GENEB: Why Genomic Models Are Hard to Compare
GENEB:为什么基因组模型难以比较
Daria Ledneva, Mikhail Nuridinov, Denis Kuznetsov
AI总结 针对基因组基础模型评估碎片化的问题,提出GENEB基准,通过统一探测协议在100项任务上比较40个模型,揭示模型排名不稳定、规模收益有限等关键发现。
详情
- Comments
- change first page figure, fix model sizes, add more consistency
由于基准碎片化、评估协议不兼容以及任务特定报告,基因组基础模型的进展难以评估。因此,关于模型优越性或通用性的声明往往无法直接比较。我们引入GENEB,这是一个大规模诊断基准,在统一的基于探测的协议下(包括少样本场景),评估来自40个基因组基础模型的冻结表示,涵盖100个任务,跨越13个功能类别。GENEB能够在明确暴露任务级权衡的同时,对模型规模、架构、分词和预训练数据进行受控比较。我们的分析表明,整体排行榜不稳定:模型排名在不同任务类别间变化剧烈,规模仅带来适度且不一致的收益,而架构和预训练对齐常常超过参数数量的影响。这些结果凸显了当前评估实践的局限性,并将GENEB定位为基因组机器学习中原则性比较和类别感知模型选择的参考框架。

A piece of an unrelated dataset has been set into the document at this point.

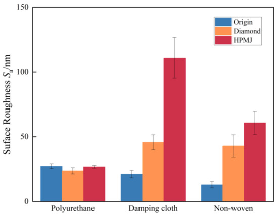 It can be observed from Figure 7 that the initial surface roughness Sa of the polyurethane polishing pad was 27.33 nm and the Sa value of the polishing pad surface conditioned with the diamond conditioner decreased to 23.75 nm after nearly 20 h of use. This is also because the holes in the polyurethane polishing pad are filled with abrasive grains, resulting in a flattening of the pad shape; the Sa value of the polishing pad conditioned with HPMJ was 26.87 nm, which is very close to the initial surface roughness. The initial surface roughness Sa of the damping cloth polishing pad was 21.23 nm and the Sa value of the surface increased to 45.72 nm in the polishing pad conditioned with the diamond conditioner after nearly 15 h of use. The increase in roughness can be attributed to the destruction of the pore structure on the damping cloth surface and a disordered internal fiber structure, increasing the measured Sa value, while the Sa value of the polishing pad with HPMJ conditioning was 110.84 nm. This indicates that, although the polishing pad also reveals the internal fiber structure, the HPMJ conditioning method can clean up the residual abrasive particles on the surface to significantly improve the Sa value.

Progress in genomic foundation models is difficult to assess due to fragmented benchmarks, incompatible evaluation protocols, and task-specific reporting. As a result, claims of superiority or generality across models are often not directly comparable. We introduce GENEB, a large-scale diagnostic benchmark that evaluates frozen representations from 40 genomic foundation models across 100 tasks spanning 13 functional categories under a unified probing-based protocol, including few-shot regimes. GENEB enables controlled comparison across model scale, architecture, tokenization, and pretraining data while explicitly exposing task-level trade-offs. Our analysis shows that aggregate leaderboards are unstable: model rankings vary sharply across task categories, scale provides only modest and inconsistent gains, and architectural and pretraining alignment frequently outweigh parameter count. These results highlight limitations of current evaluation practices and position GENEB as a reference framework for principled comparison and category-aware model selection in genomic machine learning.